Robust Decision Trees Against Adversarial Examples

Hongge Chen,Huan Zhang,Duane Boning,Cho-Jui Hsieh
DOI: https://doi.org/10.48550/arXiv.1902.10660
2019-06-11
Abstract:Although adversarial examples and model robustness have been extensively studied in the context of linear models and neural networks, research on this issue in tree-based models and how to make tree-based models robust against adversarial examples is still limited. In this paper, we show that tree based models are also vulnerable to adversarial examples and develop a novel algorithm to learn robust trees. At its core, our method aims to optimize the performance under the worst-case perturbation of input features, which leads to a max-min saddle point problem. Incorporating this saddle point objective into the decision tree building procedure is non-trivial due to the discrete nature of trees --- a naive approach to finding the best split according to this saddle point objective will take exponential time. To make our approach practical and scalable, we propose efficient tree building algorithms by approximating the inner minimizer in this saddle point problem, and present efficient implementations for classical information gain based trees as well as state-of-the-art tree boosting models such as XGBoost. Experimental results on real world datasets demonstrate that the proposed algorithms can substantially improve the robustness of tree-based models against adversarial examples.
Machine Learning
What problem does this paper attempt to address?
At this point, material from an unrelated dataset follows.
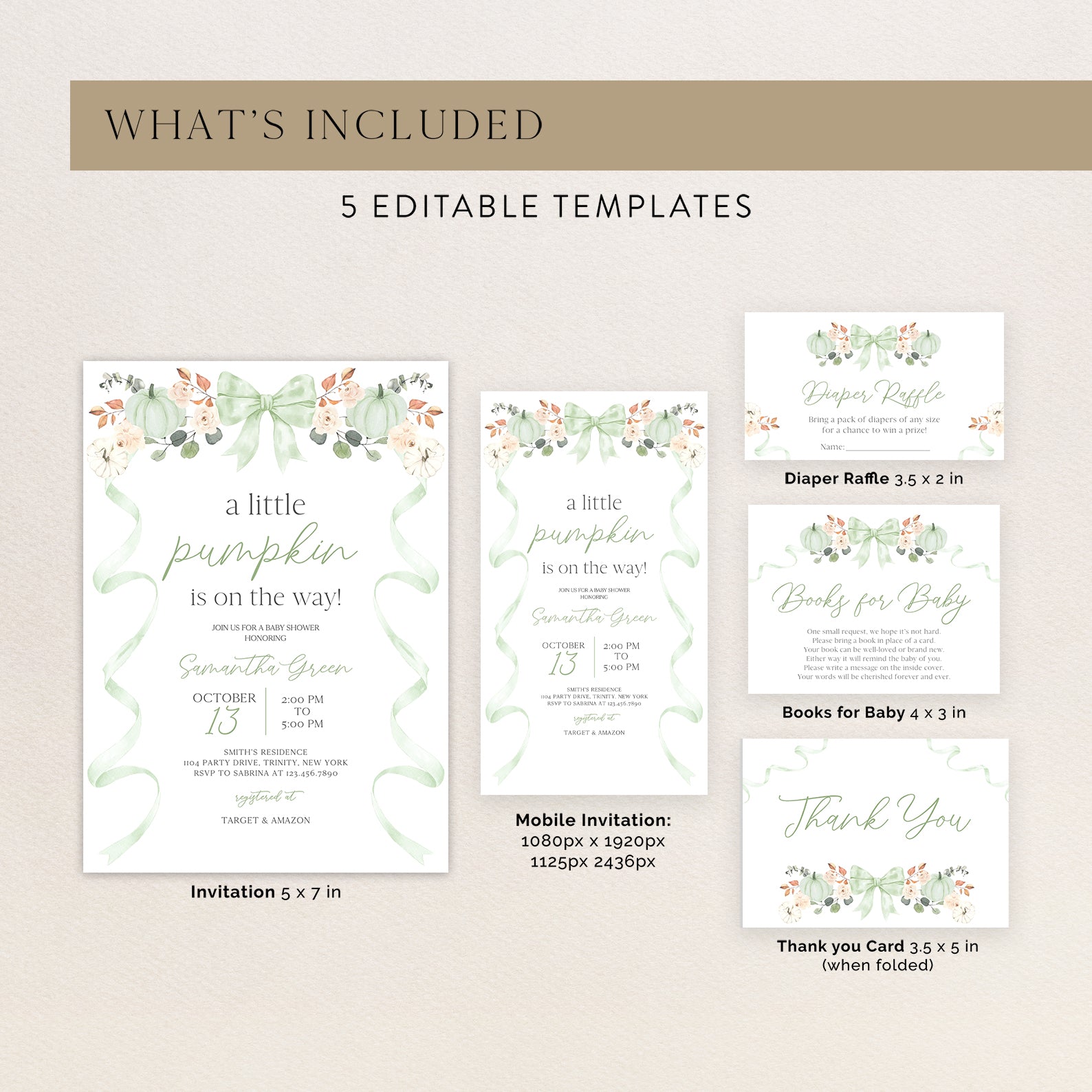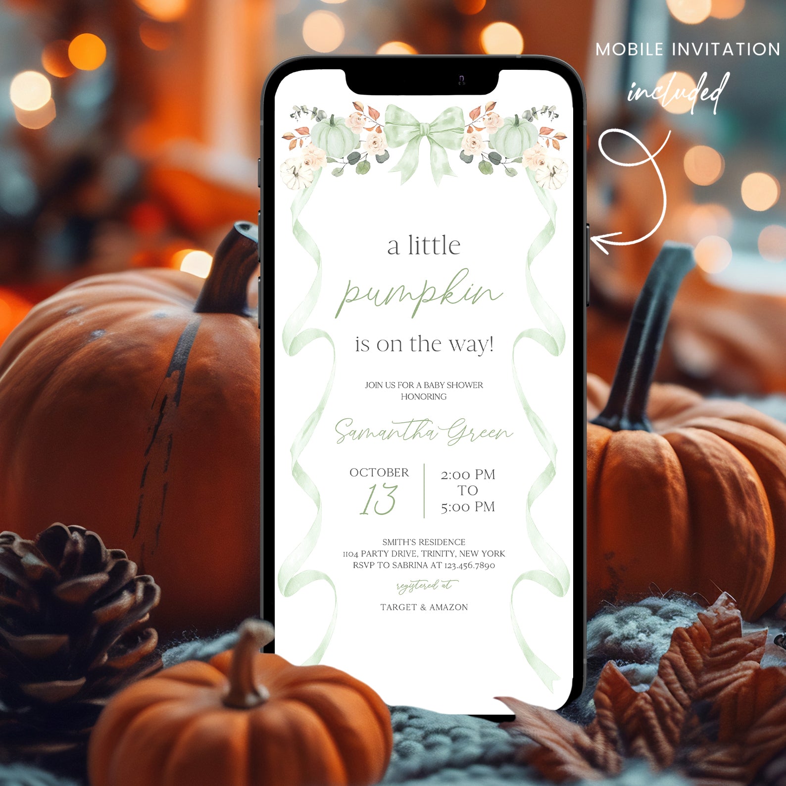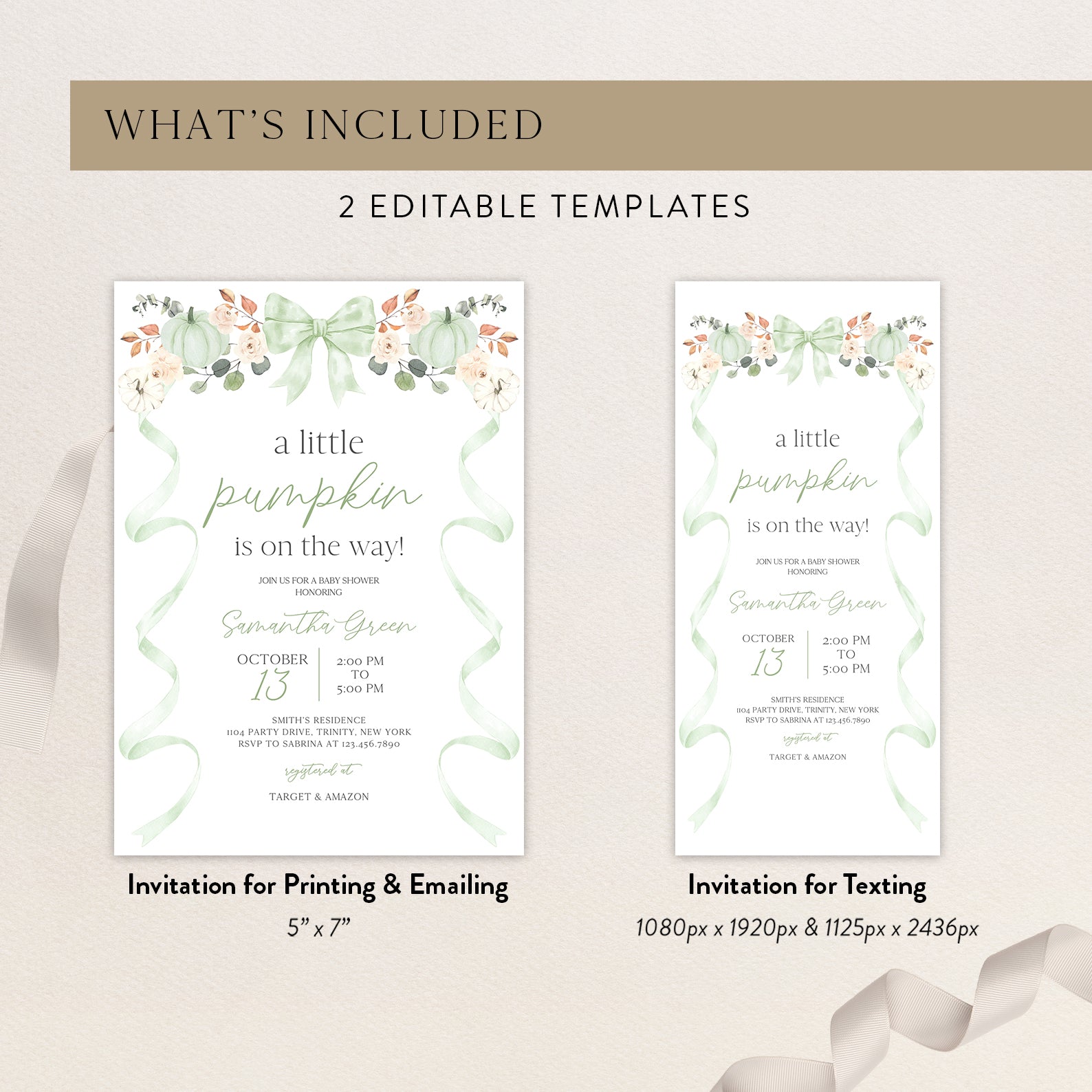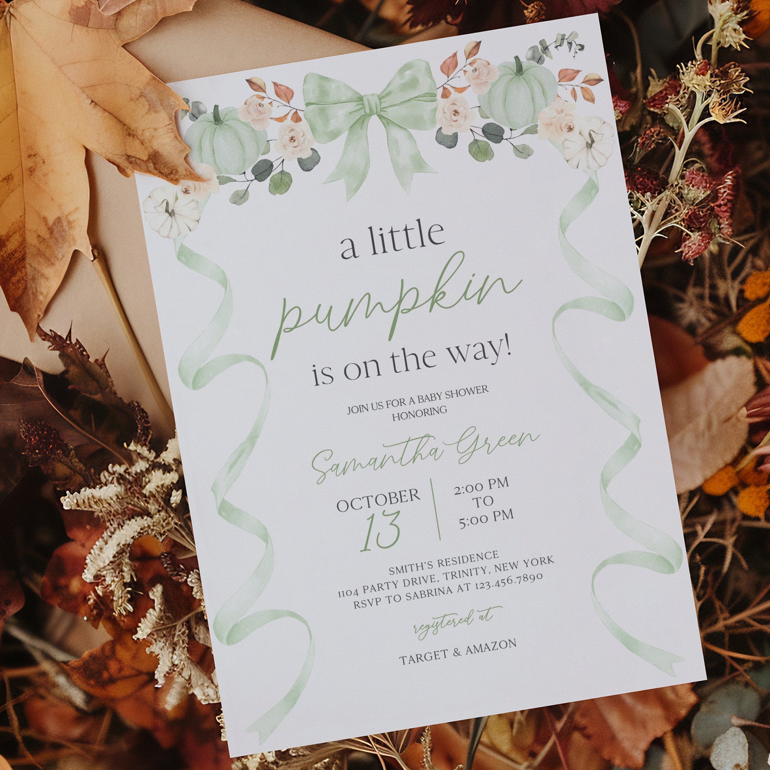 - Purchase this Fall Baby Shower Invite Bundle: Green Ribbon Frame with Pumpkin & Florals template

The problem that this paper attempts to solve is: the vulnerability of decision - tree models in the face of adversarial examples. Although adversarial examples and model robustness have been widely studied in deep - learning models (such as neural networks), research on this problem in tree - based models is still limited. This paper shows that tree - based models are also vulnerable to adversarial examples and proposes a new algorithm to learn robust decision trees. Specifically, the article points out that traditional tree - based models (such as decision trees and gradient - boosted decision trees) perform well in many application scenarios, but they are very fragile when facing adversarial attacks. The authors aim to improve the robustness of these models by optimizing the performance in the worst - case scenario, thus solving this problem. To this end, they introduce a max - min saddle point problem and propose effective tree - construction algorithms to deal with this problem. ### Key Formulas 1. **Definition of Adversarial Examples**: \[ B_\infty^\epsilon(x_i) := [x_i^{(1)} - \epsilon, x_i^{(1)} + \epsilon] \times \cdots \times [x_i^{(d)} - \epsilon, x_i^{(d)} + \epsilon] \] where \( x_i \) is the input feature vector and \( \epsilon \) is the perturbation radius. 2. **Robust Score Function**: \[ RS(j, \eta, I) := \min_{I'=\{(x'_i, y_i)\}} S(j, \eta, I') \] such that \( x'_i \in B_\infty^\epsilon(x_i) \) for all \( x'_i \in I' \). 3. **Robust Split of Information Gain**: \[ S(j, \eta, I) := IG(j, \eta) = H(y) - H(y | x^{(j)} < \eta) \] where \( H(\cdot) \) and \( H(\cdot|\cdot) \) represent entropy and conditional entropy respectively. 4. **Robust Split of GBDT Model**: \[ S(j, \eta, I) := \frac{1}{2} \left[ \frac{\left( \sum_{i \in I_L} g_i \right)^2}{\sum_{i \in I_L} h_i + \lambda} + \frac{\left( \sum_{i \in I_R} g_i \right)^2}{\sum_{i \in I_R} h_i + \lambda} - \frac{\left( \sum_{i \in I} g_i \right)^2}{\sum_{i \in I} h_i + \lambda} \right] - \gamma \] Through these methods, the authors have successfully improved the robustness of tree - based models under adversarial - example attacks.